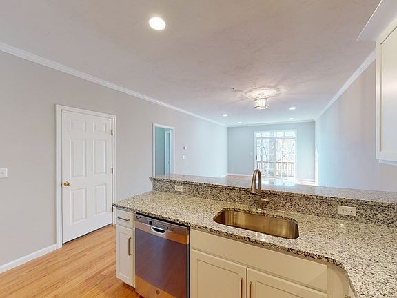 Welcome to Water View Condominiums located in a peaceful Attleboro setting! This fully refinished and turnkey condo offers a highly desirable 4 bedroom, 2 full baths which include a first-floor primary bedroom. This elegant and spacious home is just under 1,800 sq ft and showcases an open floor plan including living room/dining area open to the NEW kitchen w/ brand new SS appliances & granite breakfast bar. All new hardwoods throughout and tiled bathroom fl. The deck overlooks a private yard area with peaceful water views to enjoy. As you make your way up the stairs you will find an oversized bonus area with many multiple uses (Gym, office, playroom area, TV area, ). Huge additional space for storage in the basement and 1 car garage. 2nd floor laundry. Low HOA fees. Close to MBTA, easy to get to BOS or PVD.
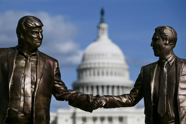 A statue depicting US President Donald Trump holding hands with sex offender Jeffrey Epstein is seen near the US Capitol on October 2, 2025
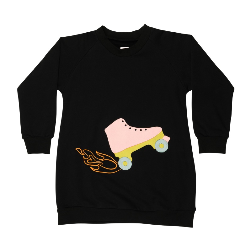 the fast freja dress from wauw capow is a cool black sweatshirt dress with a fiery pink roller skate splashed across the front. this dress has a super soft, organic brushed cotton interior, making it the perfect thing to throw on for colder days.95% organi
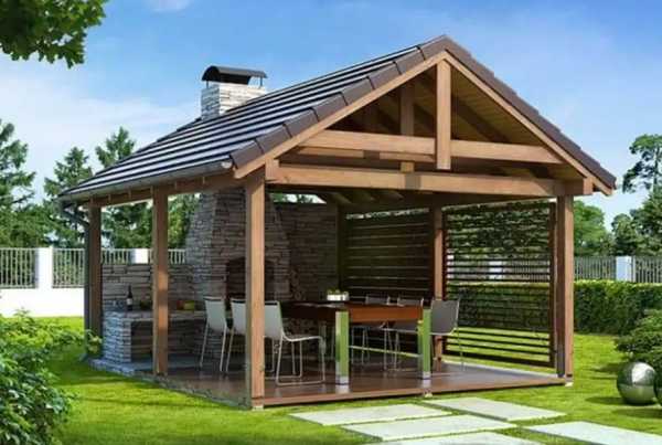 Они могут быть закрытые и открытые. Вторые проще и дешевле, но их нельзя использовать зимой. Построить такую кухню просто – обычно это беседка, в которой помещается стол, лавки и очаг, на котором готовится еда.
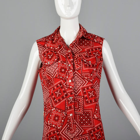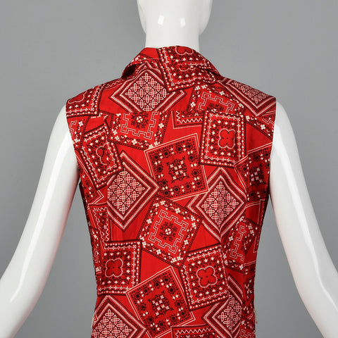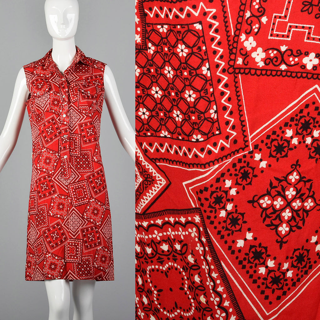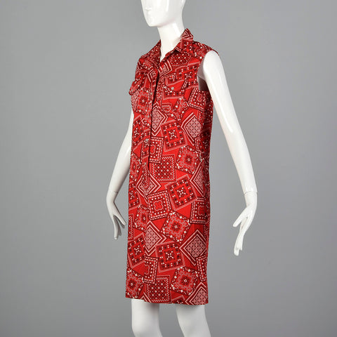 1960s Red Bandana Print Dress
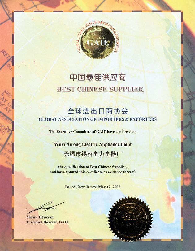 無錫市錫容電力電器有限公司,2005年,7月12號被全球進(jìn)出口商協(xié)會評為中國最佳供應(yīng)商。
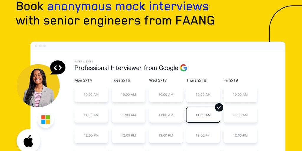 Anonymous mock interviews with engineers from Google, Facebook, and other top companies. Get actionable feedback, get awesome at algorithmic & sys design problems, and get fast-tracked at top companie
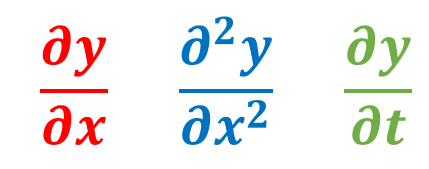 예를 들어서 \(y(x,t)=x^3+2t\) 를 \(x\) 에 대해서 편미분하면, \(\frac{\partial y}{\partial x}=3x^2\) 이다. 한번 더 편미분하면 \( \frac{\partial^2 y}{\partial x^2} =6x\) 이다. \(x=1\) 에서 1차 편미분값과 2차 편미분값을 구하면 각각 \(3\) 과 \(6\) 이다. 한편, \(t\) 에 대해서 편미분하면, \( \frac{\partial y}{\partial t}=2\) 이다.
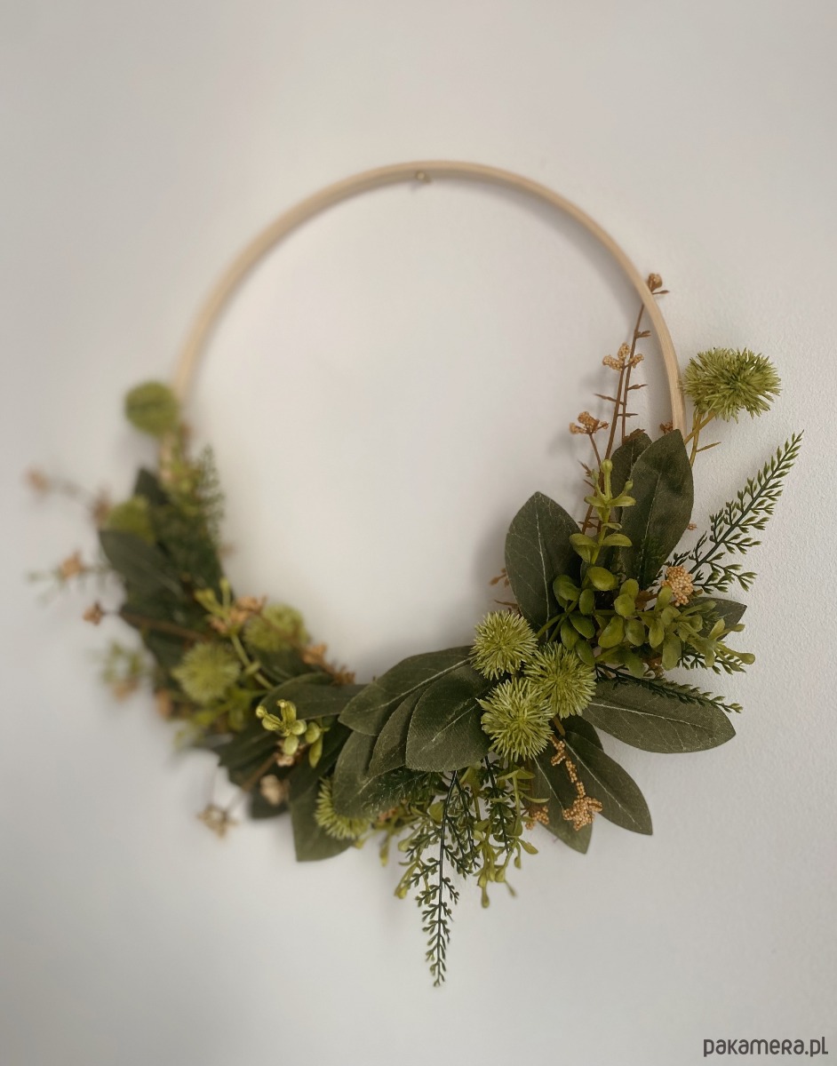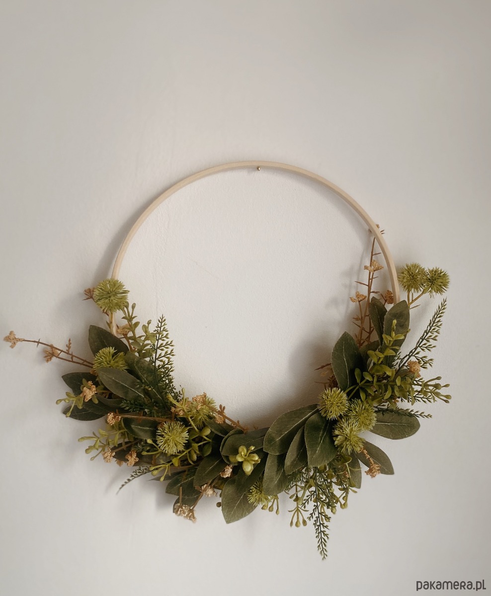 Wianek na drewnianym ringu z polnymi dekoracjami . Średnica ok 30 cm

## THE TASK
Write out, word for word, the lines from the start of the data through the one holding "A statue depicting". Omit pictures.

## ANSWER BOX
 Welcome to Water View Condominiums located in a peaceful Attleboro setting! This fully refinished and turnkey condo offers a highly desirable 4 bedroom, 2 full baths which include a first-floor primary bedroom. This elegant and spacious home is just under 1,800 sq ft and showcases an open floor plan including living room/dining area open to the NEW kitchen w/ brand new SS appliances & granite breakfast bar. All new hardwoods throughout and tiled bathroom fl. The deck overlooks a private yard area with peaceful water views to enjoy. As you make your way up the stairs you will find an oversized bonus area with many multiple uses (Gym, office, playroom area, TV area, ). Huge additional space for storage in the basement and 1 car garage. 2nd floor laundry. Low HOA fees. Close to MBTA, easy to get to BOS or PVD.
 A statue depicting US President Donald Trump holding hands with sex offender Jeffrey Epstein is seen near the US Capitol on October 2, 2025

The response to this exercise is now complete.